41 Concerning the second cause, that is the assertion that the State Attorney was acting on behalf of the first and second defendants, there is no basis on which that finding can be made. It is correct that on 21 January 2014 the State Attorney actually served a notice of withdrawal as attorneys of record on behalf of the first and second defendants. But the truth of the matter is that the plaintiff’s attorney knew long before then that the first and second defendants were being represented by Webber Wentzel. This appears from the following.
42 First, the plaintiff’s attorney herself raised with Mr Sekwati of the State Attorney the issue of the two notices of appearance to defend on behalf of the first and second defendants. She herself says that she received a letter from the State Attorney to the effect that the State Attorney had the intention to serve a notice of intention to withdraw. Although she does not annex the letter, having regard to the documents that have been disclosed in the record of the two applications, it could only have been the letter of the State Attorney dated 17 September 2012 that she had in mind.

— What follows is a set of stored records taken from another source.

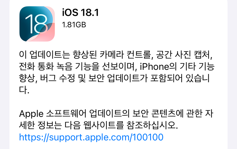 태그: #IOS18_1 #애플 #모바일업데이트 #AI인텔리전스 #통화녹음 #카메라기능 #보안업데이트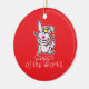 Lightweight, smooth, pure white ornament with nice sheen. Perfect size to be seen from across the room ... and to attract closer inspection! Price was great for ordering enough for the whole family! Clear, bold black design just as requested. Matches the order exactly. Just so nice!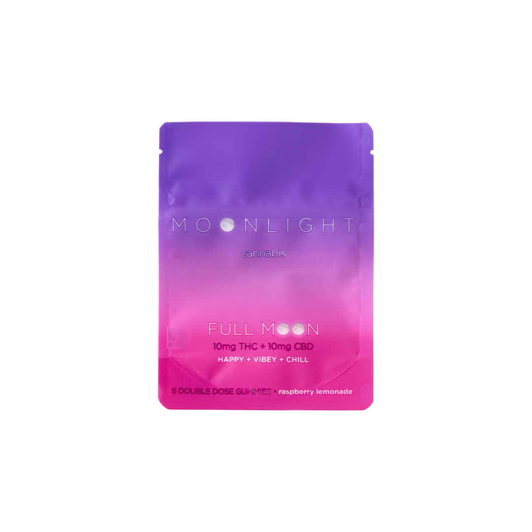 Full Moon is a line of hemp-derived edible gummies containing 10 mg of Delta 9 THC and 10 mg of CBD. Full moon is a double dose of the 5mg standard, legal dosage in MN. It’s the same happy and relaxing feeling—just more. Full Moon is for the edible connoisseur. The combination of Delta 9 and CBD was designed to make you happy. It’s like a warm hug. Pop one of these and snuggle up for a movie, take a stroll or zen out.Â

She therefore knew in September 2012, as a matter of overwhelming probability, that the State Attorney was intending to withdraw.

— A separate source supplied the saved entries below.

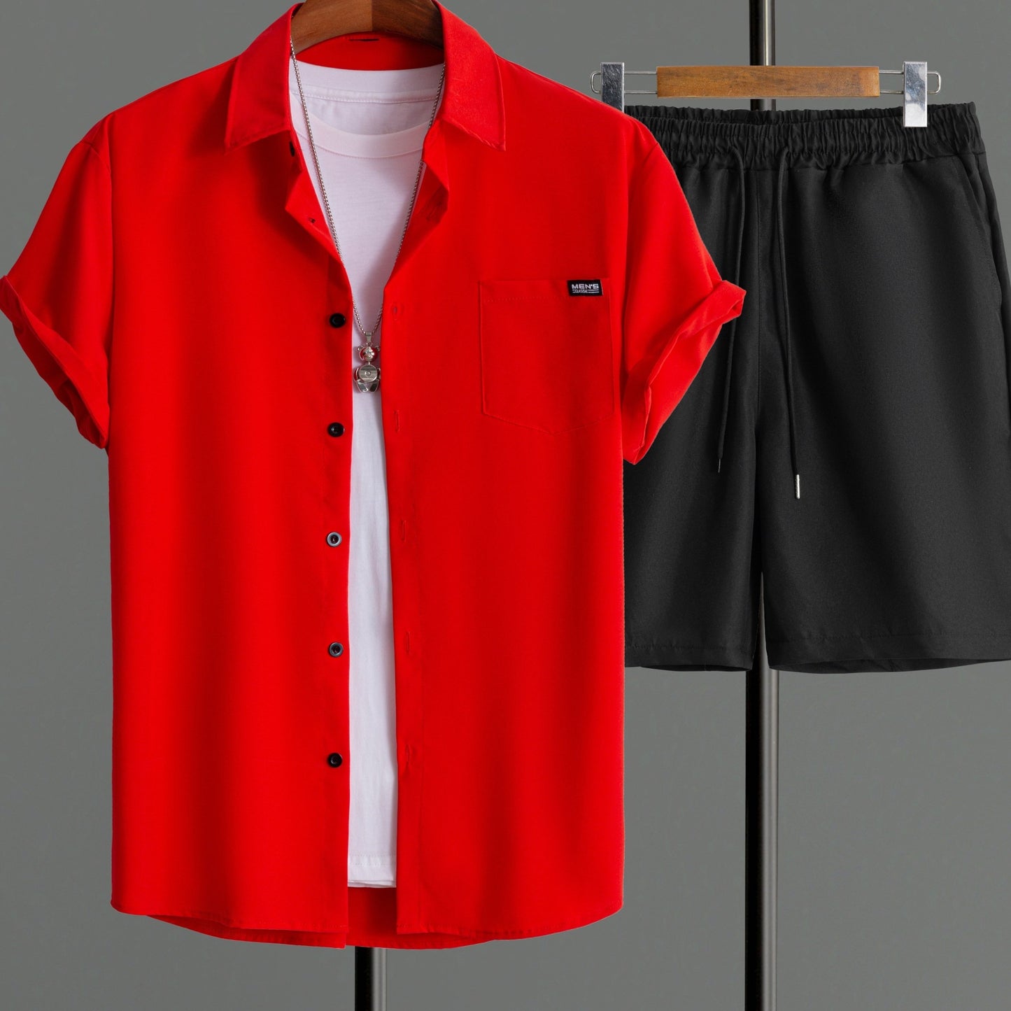 Men's Casual Boho Outfit - Solid Red & Black, Short Sleeve Top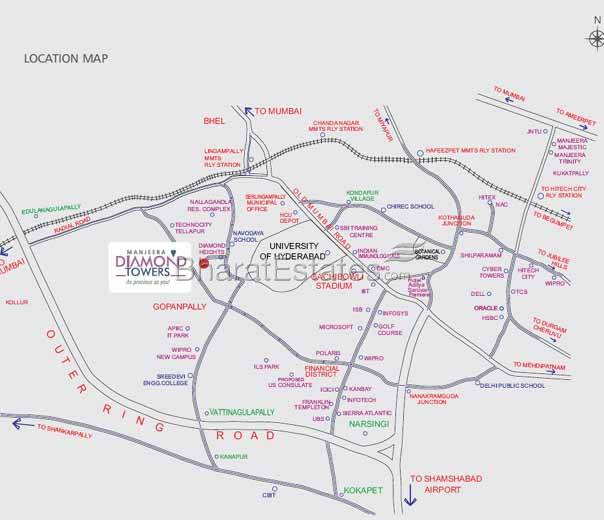 Coming up on 11acres of prime land in Gopanapally, Gachibowli, Manjeera Diamond Towers' Phase II comprises of 5 towers of 10 levels each, housing 3-bedroom luxury apartments starting at 1100 sft. and going up to 1500 sft. and 2-bedroom ranging between 910 sft. and 1220 sft.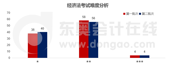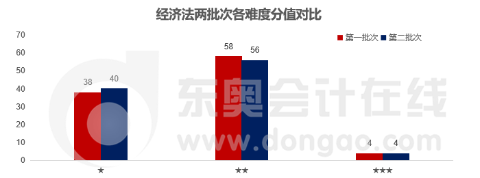 本次中級(jí)經(jīng)濟(jì)法考查的重點(diǎn)是★難度和★★難度的題目,從考查分值上來看,★難度的題目所占的比例更大一些,達(dá)到了54%,但是★難度題目的分值占比也到了46%。建議大家在備考的過程中不要針對(duì)難題進(jìn)行訓(xùn)練,把老師重點(diǎn)講授的內(nèi)容掌握好,取得高分還是不難的!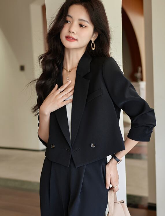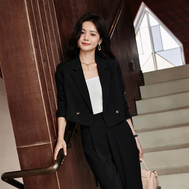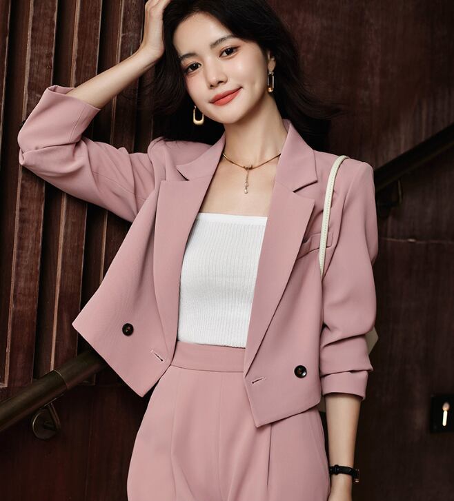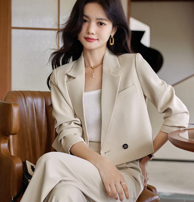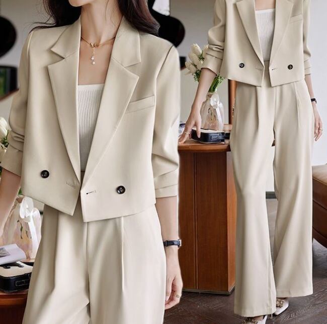 洗練されたシルエットが魅力のジャケット&パンツの2点セット。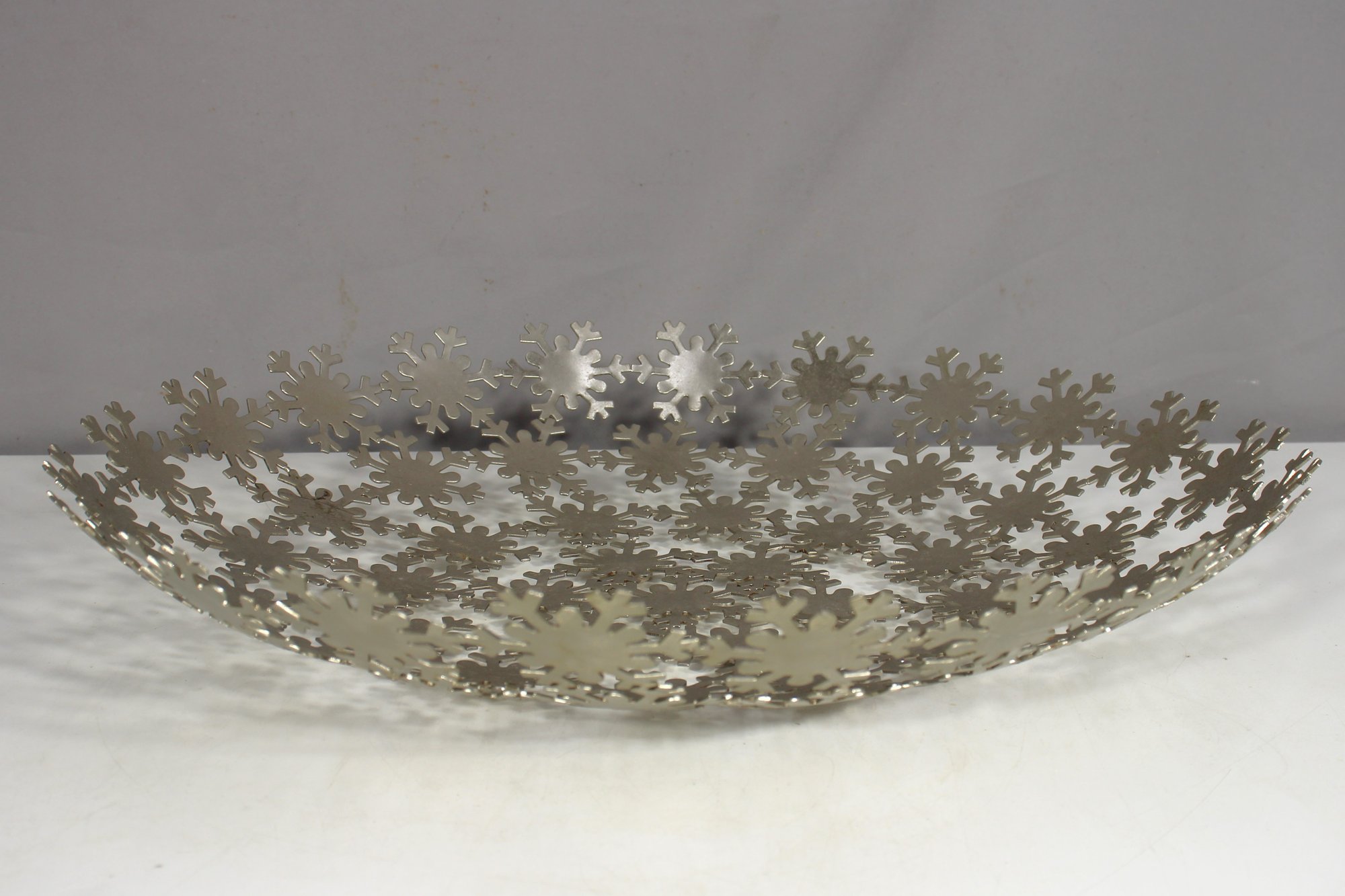 a stunning 18-inch diameter metal bowl featuring an intricate snowflake pattern design. This modern and artistic centerpiece is crafted from cut-out stainless steel, creating a visually striking openwork design that adds elegance to any table setting.

43 Second, on the 21st of September 2012 Webber Wentzel wrote to the plaintiff’s attorney, advising her of the receipt by Webber Wentzel of the fax from the State Attorney’s office, which stated that the State Attorney had withdrawn its notice of intention to defend that it had erroneously filed on behalf of the first and second defendants, who were the clients of Webber Wentzel.
44 It is true that some two months later the plaintiff’s attorney wrote saying that the two sets of attorneys should sort out their problems as this had nothing to do with the plaintiff’s attorney. But, with respect, that response was foolhardy, particularly in the face of the fact that two days earlier the plaintiff’s attorney had given notice of her intention on behalf of the plaintiff to defend the exception hearing, in a notice that described Webber Wentzel as the defendants’ attorneys.

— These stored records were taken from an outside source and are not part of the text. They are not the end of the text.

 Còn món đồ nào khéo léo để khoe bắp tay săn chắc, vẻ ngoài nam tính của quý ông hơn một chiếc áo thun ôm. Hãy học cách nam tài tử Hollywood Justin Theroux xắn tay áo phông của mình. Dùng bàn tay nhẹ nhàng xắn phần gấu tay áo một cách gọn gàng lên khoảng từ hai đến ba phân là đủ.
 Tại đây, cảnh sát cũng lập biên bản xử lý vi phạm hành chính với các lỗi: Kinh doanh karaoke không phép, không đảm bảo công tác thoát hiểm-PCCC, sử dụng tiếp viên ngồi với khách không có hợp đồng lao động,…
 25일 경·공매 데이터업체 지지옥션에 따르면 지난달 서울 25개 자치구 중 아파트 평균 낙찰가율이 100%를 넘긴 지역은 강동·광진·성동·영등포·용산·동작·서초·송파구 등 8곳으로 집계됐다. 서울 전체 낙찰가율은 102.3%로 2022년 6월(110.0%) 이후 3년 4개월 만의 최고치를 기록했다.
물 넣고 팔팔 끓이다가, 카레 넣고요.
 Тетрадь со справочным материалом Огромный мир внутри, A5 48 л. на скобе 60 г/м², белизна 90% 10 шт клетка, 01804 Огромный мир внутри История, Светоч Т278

45 Third, there was the agreement reached between Counsel and attorney representing the plaintiff on 13 November 2014 on a hearing date for the exception. It is unlikely that the plaintiff’s Counsel and attorney would have been prepared to agree a hearing date with Webber Wentzel and the Counsel instructed by them, were it not for the fact that the plaintiff’s representatives were thereby accepting that Webber Wentzel had authority to represent the first and second defendants.
46 Apart from rejecting both bases which the founding affidavit sets up as causes justifying the rescission of 5 December 2012, there is also the inordinate delay in the bringing of the rescission application. On my calculation the delay is approximately one year and seven months. That delay has not been adequately explained and it is thus unavoidable, in my view, that the rescission application must be dismissed.
47 The first and second defendants have asked for a costs order against the applicant’s attorney on an attorney and own client scale, de bonis propriis, as appears from the concluding prayer in the answering affidavit on p.135 of the rescission application.
48 Costs orders of this nature are not easily made. But there are two disconcerting facts which apply not only in the rescission application but also in the dismissal application. The first is that the plaintiff herself is plainly indigent. She is a pensioner, born on 21 July 1948, and is self-employed as a vendor. It is likely that she was in fact not in funds properly to instruct the plaintiff’s attorney.
49 The second fact, following from the first fact, is that the plaintiff’s attorney strung along the defendants without playing open cards with them. She was not entitled to keep stringing out the process waiting to be placed in funds without either conveying her predicament to the defendants’ attorneys; or without deciding to act either on contingency or pro bono.
50 Her conduct in these circumstances was, in my view, unreasonable, and unreasonable to the extent that the plaintiff herself should not be penalised by a costs order. I do not think that in this case the scale should be as between attorney and client.
51 I therefore dismiss the rescission application and direct the plaintiff’s attorney to pay the costs of the rescission application de bonis propriis on the scale as between party and party.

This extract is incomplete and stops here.